The BF contributes $6000 a year to his Roth IRA, which is the total you can contribute annually to your IRA account (note that this may change year over year).

After that, the BF put in whatever is left to his taxable account. A taxable account (or brokerage account) is a normal account, in which he can invest his money but without any tax-advantage characteristics. He can withdraw his money anytime he likes, but he would have to pay taxes on his gains (how much he has to pay in taxes depends on how long he’s held his investment for, more on this would be explored in later posts!)

Wants: $16,000/year or $1,300/month

Due to the crazy high rent, we weren’t able to include gas and car maintenance under the Needs category, so we just combined them under our Wants expenses and paid off any charges we put under our credit cards.
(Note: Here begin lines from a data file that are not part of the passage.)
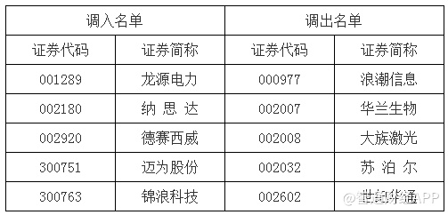 深证100指数调人龙源电力(001289.SZ)、纳思达(002180.SZ)、德赛西威(002920.SZ)等;调出浪潮信息(000977.SZ)、华兰生物(002007.SZ)、大族激光(002008.SZ)等。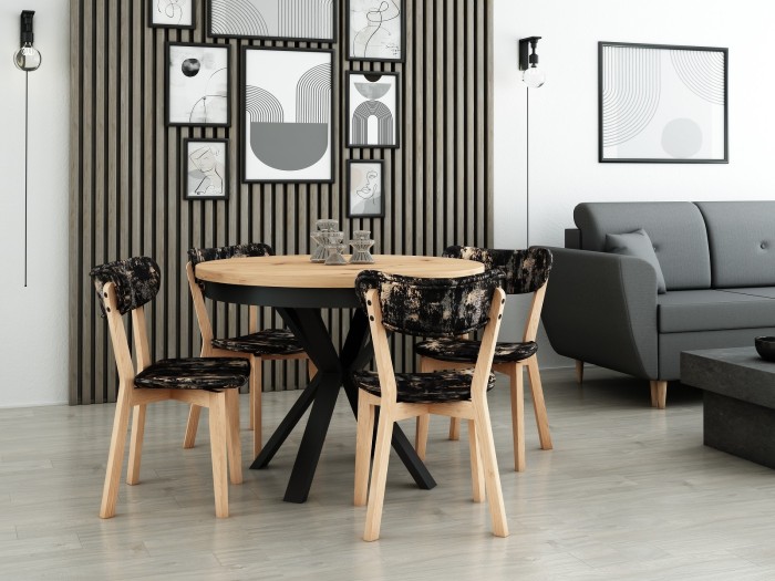 Stylowy i funkcjonalny zestaw mebli do jadalni składający się z okrągłego stołu Orion z laminowanym blatem oraz czterech solidnych krzeseł Lysa 2 wykonanych z naturalnego drewna bukowego. To idealne połączenie nowoczesnego designu z klasyczną elegancją i trwałością, które sprawdzi się w jadalni, kuchni, a także w stylowych wnętrzach restauracyjnych.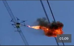 2017年8月16日,上海沪青平公路附近,电网工作人员首次应用喷火无人机,清除高压线上的异物。整个过程持续约20分钟。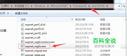 打开framework4.0所在目录,一般情况下在此目录下:C:\Windows\Microsoft.NET\Framework\v4.0.30319。 找到文件:aspnet_regiis.exe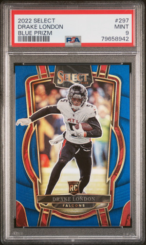 2022 Panini Select Drake London Blue Prizm Rookie PSA 9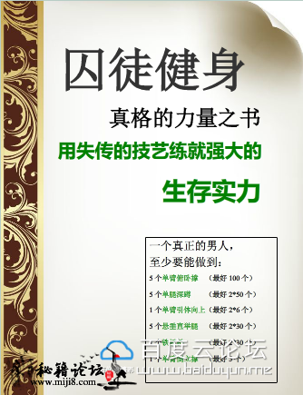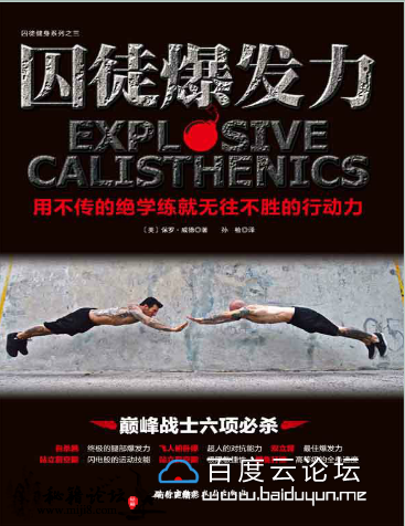 封面及目录截图 在线面哦 !!! 介绍: 这不是一本教你练出“可爱肌肉”的书,而是一本教你练出能用的力量、极限的力量、生存的力量的书。作者保罗·威德在美国最严酷的监狱中 度过了19年,在其中逐渐挖掘出了一套最古老的健身法,在商业社会中早已失传的力量哲学,并凭此成为了地球上最强壮的人之一——这让 他 得以有尊严地生存下来。出狱之后,他把这套失传的技艺整理并公之于世——这是他带给我们的最珍物。 生存下去,至少要有:钢筋铁骨的双手及前臂,守护脑袋的终极脖颈,永动机般的小腿,无懈可击的侧链肌肉,刀枪不入的关节,越受伤越强大 的自愈力。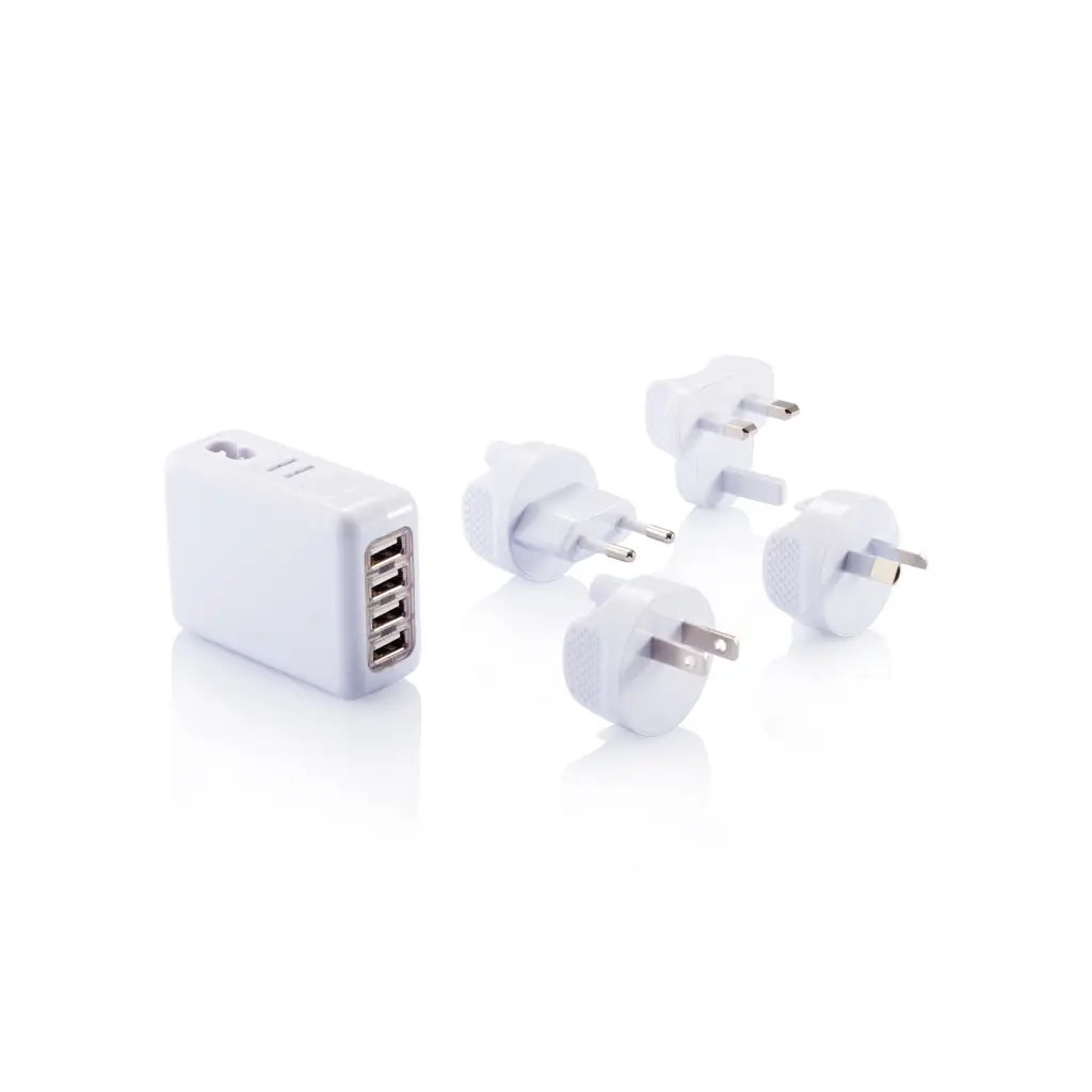 Prijenosni USB putni adapter s 4 priključka za punjenje uređaja, izlaz 3,1A omogućuje istovremeno punjenje više uređaja, AC max 240V/350mA, USB max 5,25V/3,1mA DC, dolazi s četiri različita adaptera, pakirano u vrećici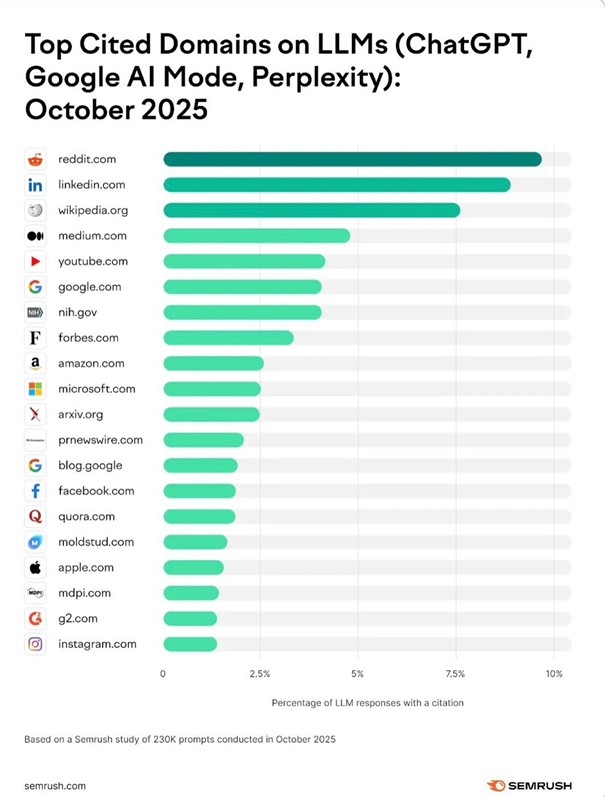 Preuve de l’importance nouvelle des relations médias dans le GEO : les communiqués de presse diffusés à travers le réseau de médias PR Newswire est entré dans le top 20 des sources des LLM et des moteurs de recherche IA (Chat GPT, Perplexity, Google AI…) d’après l’analyse de Semrush en Octobre 2025.

Wants is the FUN category. We decided that splurging on food would be our priority in our want categories. In 2020, we racked up between $800-1,000 in credit card spending for everything, but mainly dining and eating out 🙂 (We’ll make another post about credit card churning like cash back rewards and travel points)
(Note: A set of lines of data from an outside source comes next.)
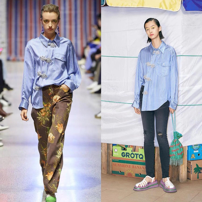 唐人街系列的设计源于熙熙攘攘的街道,在高楼大厦中间,有着奇妙的冲突感。时髦的中性条纹衬衫加入了盘扣,来了一场复古与未来的结合。
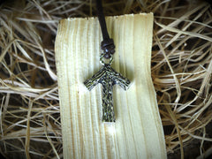 Diese Halskette ist ein echter „Hingucker“ auf allen Mittelalterfesten oder Wikingertreffen. Der Anhänger ist aus legiertem Zink gefertigt, hierbei wurde bewusst auf einen "Feinschliff" verzichtet um eine "kantige" rustikale Form zu schaffen. Die gesamte Anhänger besteht aus Metall, die verstellbare Kette ist aus Leder gefertigt.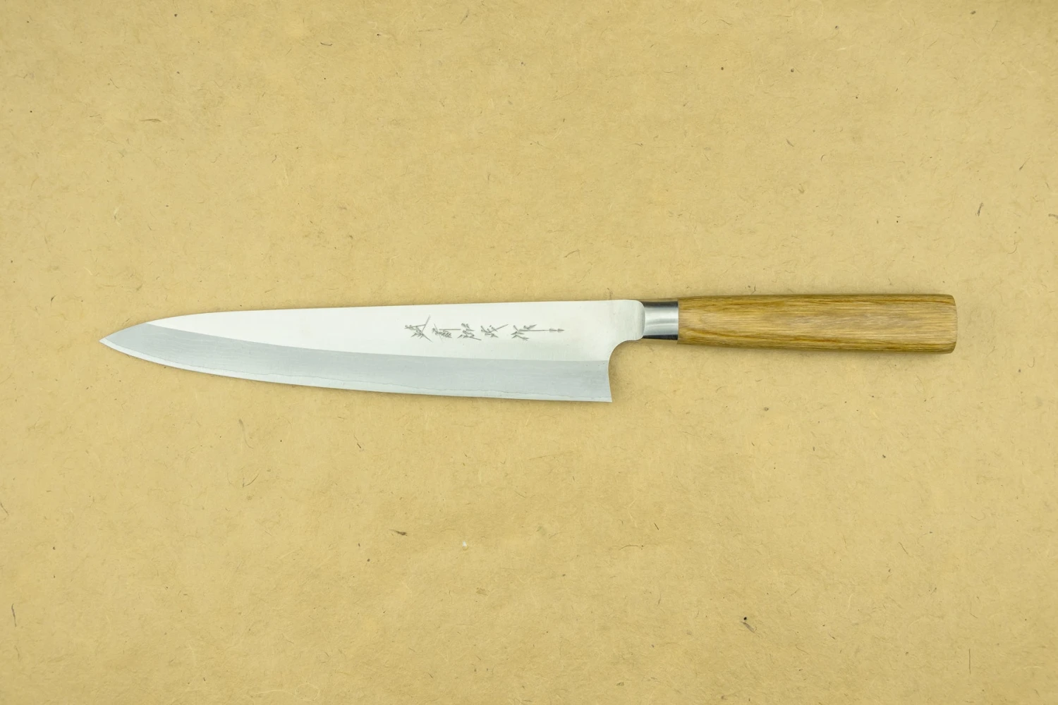 About the Shape Inspired by the profile of a traditional European chef knife, Gyutos are a multi purpose knife with a slight meat cutting bias. “Gyuto” translates to “cow sword.” If you want one knife to do it all, This is it. Starting at 180mm, Gyutos can reach the ridiculously long (and awesome) 370mm. For the at-home or professional cook, we recommend a Gyuto which measures between 210mm and 270mm long.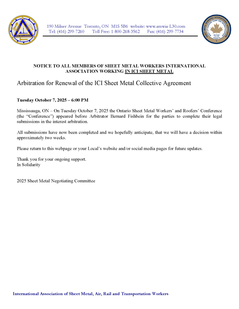 Arbitration for Renewal of the ICI Sheet Metal Collective Agreement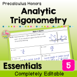 ⭐⭐ This Precalculus Unit 5 Essentials Bundle provides you with a customizable and fully-editable resource of Guided Notes, Warm-Ups, Video Lessons, Google Slides, practice/homework sets, end unit review and a daily content quiz that cover the topics for Analytic Trigonometry. ⭐⭐

That was our budget for the first couple of months after graduation while I was on the job hunt. And after I got a job, we decided to keep our budget the same, with me contributing to paying half the rent and keeping the rest in savings. So savings and rent remain our top priorities.

How to start budgeting if you have been working and paying bills:

The same rule of thumb from above applies here. You are going to start off by categorizing all of your expenses under Needs, Wants, and Savings (including debt/loan repayment). This way, you can figure out exactly where your money is going, and you can use this to work out a golden ratio for budgeting that will work for you. This part is going to take the most time since you are setting an understanding/foundation for your personal finance.
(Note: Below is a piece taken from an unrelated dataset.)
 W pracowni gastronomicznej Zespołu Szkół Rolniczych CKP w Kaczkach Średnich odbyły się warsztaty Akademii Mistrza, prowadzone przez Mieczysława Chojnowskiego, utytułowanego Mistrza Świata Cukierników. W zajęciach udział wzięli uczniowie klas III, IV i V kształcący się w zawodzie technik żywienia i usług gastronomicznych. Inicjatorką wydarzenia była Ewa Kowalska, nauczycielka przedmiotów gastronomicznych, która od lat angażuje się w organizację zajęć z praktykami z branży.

Tips: You can download annual spending statements from your Banks’ website/app, and most of the time, they already categorize your spendings into Grocery, Dining Out, Health Care, etc. You can also just go through your statements and organize them manually.

During this step, you can also think about what kind of financial goals (short-term and long-term) you are looking to pursue. For example, you could be trying to save for a big move, to buy a new laptop, to put more money into saving accounts, or to pay off a debt.

After you have figured out where your money went in the previous year, you can determine where you want your money to go this year!

If you have any outstanding credit card debts or loans, it is best to pay them off to prevent interest from accumulating. However, you can ignore your loans at the moment if it’s under something like the Student Loan Deferment 🙂

For a beginner’s guide to budget, I followed this excel spreadsheet layout from Bukola from Youtube!

Bukola’s spreadsheet is very simple and easy to use for someone who isn’t tech-savvy like me. It helped me visualize where my money could be going toward!

Asides from the expenses, I budget $150 each month toward beauty-related purchases such as clothes, make-up, and skincare. For a period of time, I budgeted $100 per month to save up for a new phone, and also $100 per month (for like 3 months) for Christmas gifts! Of course, all of these budgets fall under the Wants category.

October 2020 Monthly Budget
October 2020 Monthly Budget

By using a simple spreadsheet, I can clearly see where my money is going each month and how much I have left to spend. This is a great way to not feel overwhelmed with my spendings and feel guilty whenever I treat myself to something I want!

Even though this whole post sounds like we knew what we were doing with our personal finance for the first year of adulting, we did not know anything. All of the numbers above were just theories that we decided to try out after watching A LOT of FIRE and personal finance videos from Youtube.

2021 was our first full year of having full-time salaries and an expense record we could keep track of. We are happy to see those theories panned out nicely, and the world of personal finance is not as intimidating as it seems 🙂 We just needed a bit of time to understand it.